[TASK]: Please print out the entries below unchanged and skip the images.
"""
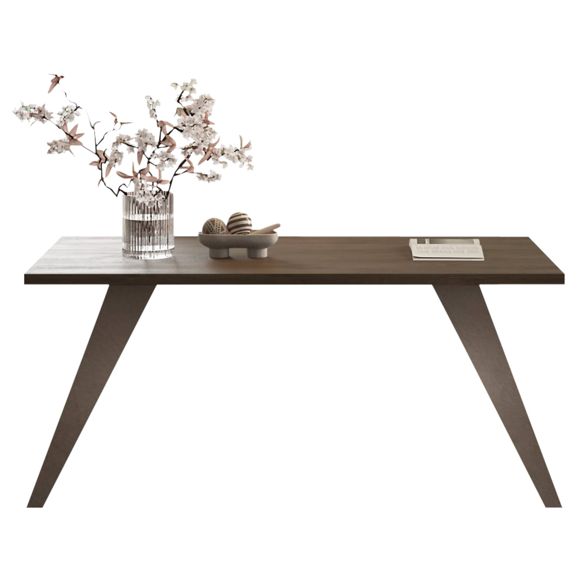 Jeho jednoduchá konštrukcia je tvorená priestrannou vrchnou doskou so šírkou 180 cm. Dosku podopiera štvorica pevných, kovových nôh. ktoré zaisťujú celkovú stabilitu a zdôrazňujú elegantný vzhľad stola. Konštrukcia je vyrobená z laminovanej drevotriesky a kovu, takže poteší nenáročnou údržbou.
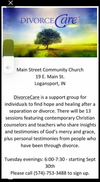 This class starts September 30th at 6 p.m. every Tuesday for 13 weeks at Main Street Community Church 19 E Main St Logansport, In.
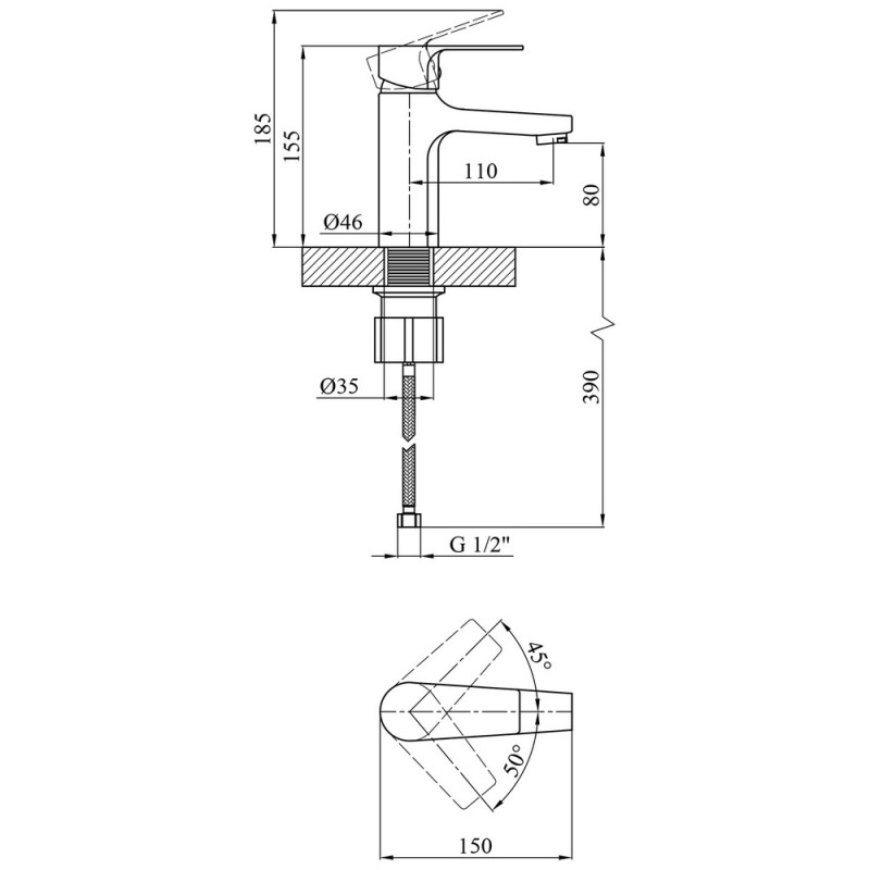 Змішувач для раковини Kroner KRM Oker-C010 одноважільний хром CV019667
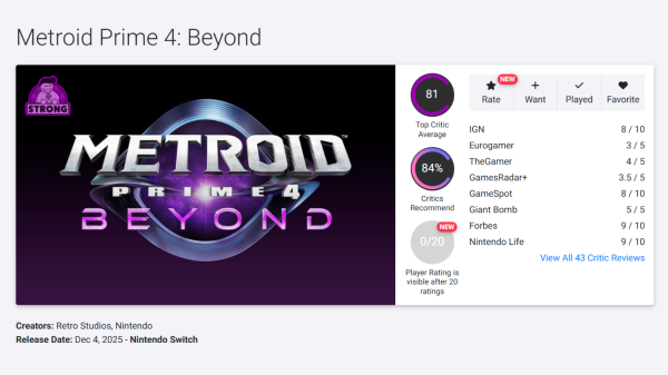 Після 8 років з анонсу та цілих 18 років з моменту випуски останньої номерної частини серії ми врешті-решт незабаром отримаємо до своїх рук Metroid Prime 4: Beyond. Зате західні видання вже встигли пройти настільки довгоочікуваний реліз. На OpenCritic оцінка склала 81 бали на основі 43 оглядів, коли на Metacritic — 80 балів та 74 оглядів.
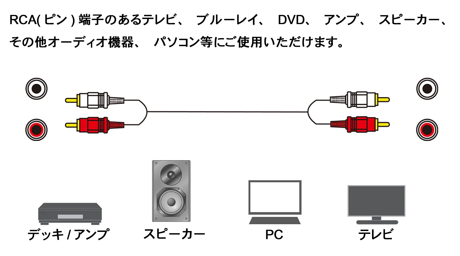 音声入出力端子がピン(RCA)端子のついた機器同士を接続します。
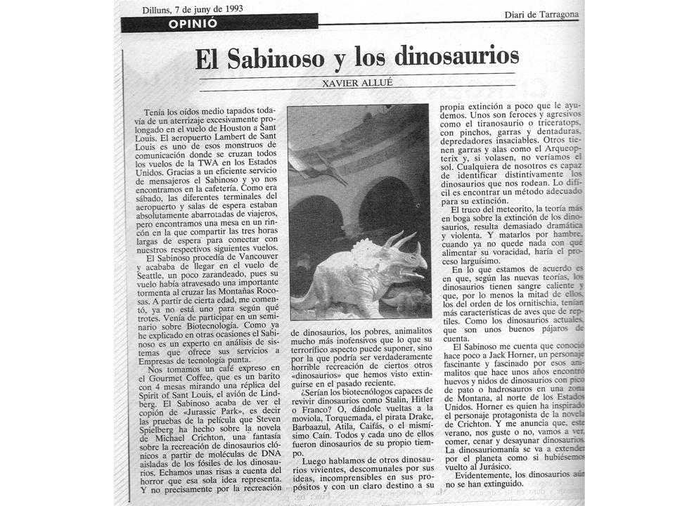 Este tiene que ver con lo que inmediatmente después se convirtió en una moda mundial; los dinosaurios, a cuenta de la enorme repercusión que tuvo la obra de Michael Crichton y la subsiguiente película de Spielberg "Parque Jurásico".
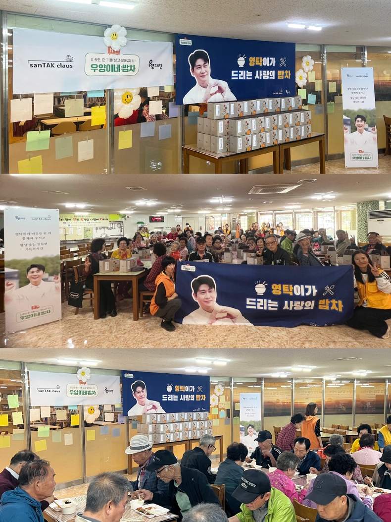 지난 17일 충남 아산시 온양노인복지센터에서 열린 이번 행사는 우양재단이 주관하고 '산탁클로스'가 후원하는 ‘영탁이가 드리는 사랑의 밥차’ 프로그램의 일환으로 진행됐다.
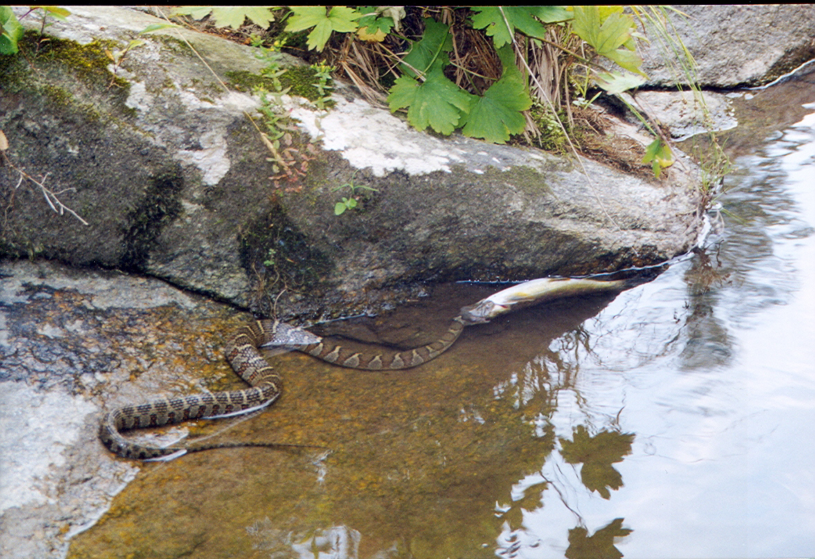 We were relaxing beside a pool where several fairly large brown trout could be seen when we saw a water snake swimming toward the fish. We paid little attention to this because the trout appeared to be too large to be bothered by the snake, but suddenly David yelled, "That snake has caught a fish!" Thus began drama that none of us will ever forget.
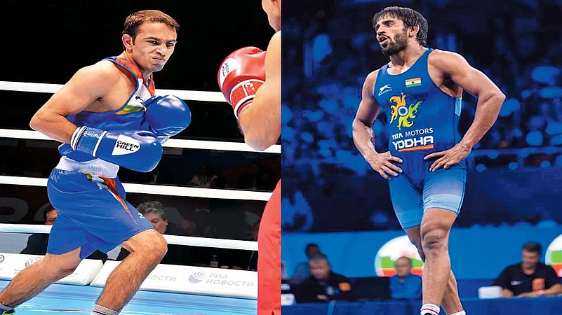 Carrying the hopes of over a billion people—the cliché cannot be ignored as Amit Panghal and Bajrang Punia limber up for the much-delayed, pandemic-hit Tokyo Olympics, hopefully starting on July 23. Power sport has never been an Indian strong point, although a few medallions of honour and pride did come by in fits and starts. Seldom has two world number ones given us the best shot for a podium finish even before the Games began. Against this backcloth of history, boxer Panghal—No. 1 in 52kg flyweight—and wrestler Punia, top ranked in 65kg, underscore the changing scenario in world sport. But how did the Indians become serious medal contenders at the Summer Games after a dismal Rio 2016? The answer can be grubbed out of the preps and qualifiers—especially India’s record haul of 15 medals (two gold, five silver and eight bronze) at the Asian boxing championships in Dubai. Isn’t that a clear indication of the promise our pugilists hold out? Tokyo will define the careers of many of them.
"""
[WRITTEN REPLY]:
 Jeho jednoduchá konštrukcia je tvorená priestrannou vrchnou doskou so šírkou 180 cm. Dosku podopiera štvorica pevných, kovových nôh. ktoré zaisťujú celkovú stabilitu a zdôrazňujú elegantný vzhľad stola. Konštrukcia je vyrobená z laminovanej drevotriesky a kovu, takže poteší nenáročnou údržbou.
 This class starts September 30th at 6 p.m. every Tuesday for 13 weeks at Main Street Community Church 19 E Main St Logansport, In.
 Змішувач для раковини Kroner KRM Oker-C010 одноважільний хром CV019667
 Після 8 років з анонсу та цілих 18 років з моменту випуски останньої номерної частини серії ми врешті-решт незабаром отримаємо до своїх рук Metroid Prime 4: Beyond. Зате західні видання вже встигли пройти настільки довгоочікуваний реліз. На OpenCritic оцінка склала 81 бали на основі 43 оглядів, коли на Metacritic — 80 балів та 74 оглядів.
 音声入出力端子がピン(RCA)端子のついた機器同士を接続します。
 Este tiene que ver con lo que inmediatmente después se convirtió en una moda mundial; los dinosaurios, a cuenta de la enorme repercusión que tuvo la obra de Michael Crichton y la subsiguiente película de Spielberg "Parque Jurásico".
 지난 17일 충남 아산시 온양노인복지센터에서 열린 이번 행사는 우양재단이 주관하고 '산탁클로스'가 후원하는 ‘영탁이가 드리는 사랑의 밥차’ 프로그램의 일환으로 진행됐다.
 We were relaxing beside a pool where several fairly large brown trout could be seen when we saw a water snake swimming toward the fish. We paid little attention to this because the trout appeared to be too large to be bothered by the snake, but suddenly David yelled, "That snake has caught a fish!" Thus began drama that none of us will ever forget.
 Carrying the hopes of over a billion people—the cliché cannot be ignored as Amit Panghal and Bajrang Punia limber up for the much-delayed, pandemic-hit Tokyo Olympics, hopefully starting on July 23. Power sport has never been an Indian strong point, although a few medallions of honour and pride did come by in fits and starts. Seldom has two world number ones given us the best shot for a podium finish even before the Games began. Against this backcloth of history, boxer Panghal—No. 1 in 52kg flyweight—and wrestler Punia, top ranked in 65kg, underscore the changing scenario in world sport. But how did the Indians become serious medal contenders at the Summer Games after a dismal Rio 2016? The answer can be grubbed out of the preps and qualifiers—especially India’s record haul of 15 medals (two gold, five silver and eight bronze) at the Asian boxing championships in Dubai. Isn’t that a clear indication of the promise our pugilists hold out? Tokyo will define the careers of many of them.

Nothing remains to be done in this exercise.